Work instruction. Drop every picture. Then return, exactly, the lines from the beginning of the listing below through the one containing "Catch the mealtime".

Given information.

***

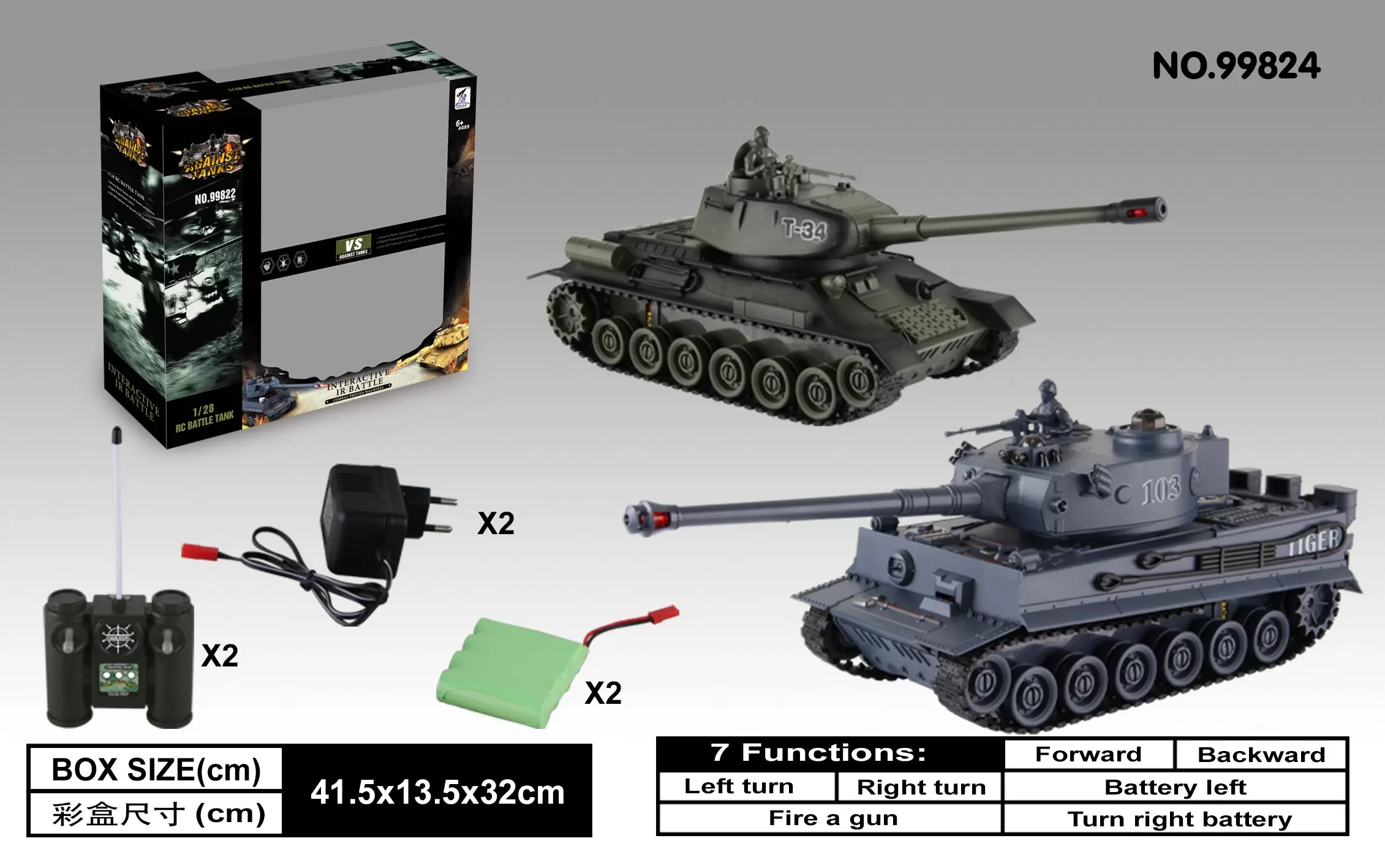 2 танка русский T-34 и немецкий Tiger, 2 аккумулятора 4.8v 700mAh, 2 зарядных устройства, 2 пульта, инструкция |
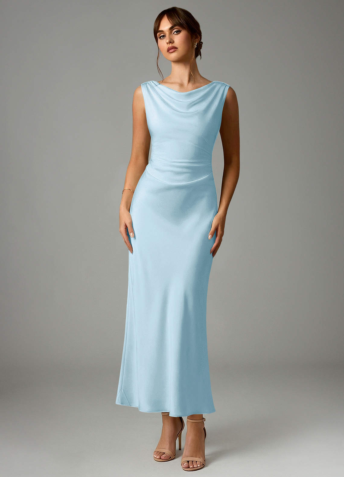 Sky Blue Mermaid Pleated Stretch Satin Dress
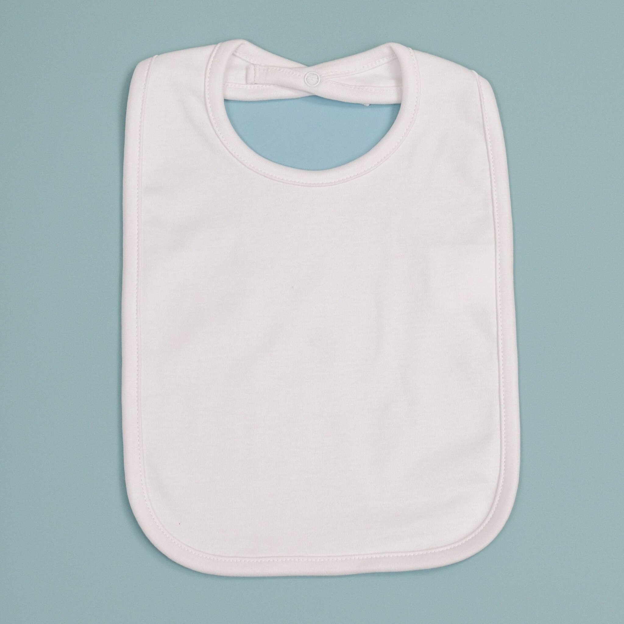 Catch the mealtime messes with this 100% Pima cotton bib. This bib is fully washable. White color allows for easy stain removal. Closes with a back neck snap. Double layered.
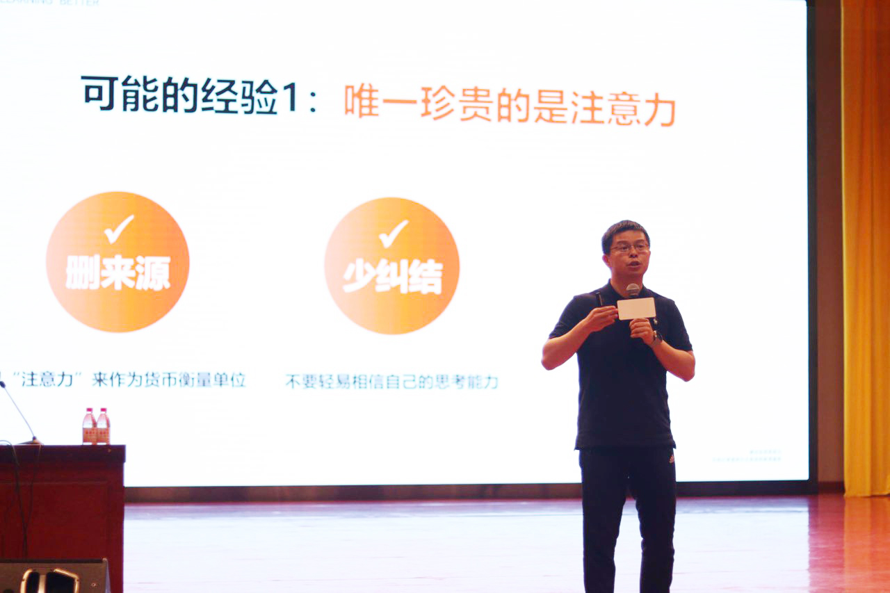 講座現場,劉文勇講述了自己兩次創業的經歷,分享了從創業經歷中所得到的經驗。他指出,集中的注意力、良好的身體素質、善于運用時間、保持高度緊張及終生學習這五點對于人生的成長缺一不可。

***

Response.
 2 танка русский T-34 и немецкий Tiger, 2 аккумулятора 4.8v 700mAh, 2 зарядных устройства, 2 пульта, инструкция |
 Sky Blue Mermaid Pleated Stretch Satin Dress
 Catch the mealtime messes with this 100% Pima cotton bib. This bib is fully washable. White color allows for easy stain removal. Closes with a back neck snap. Double layered.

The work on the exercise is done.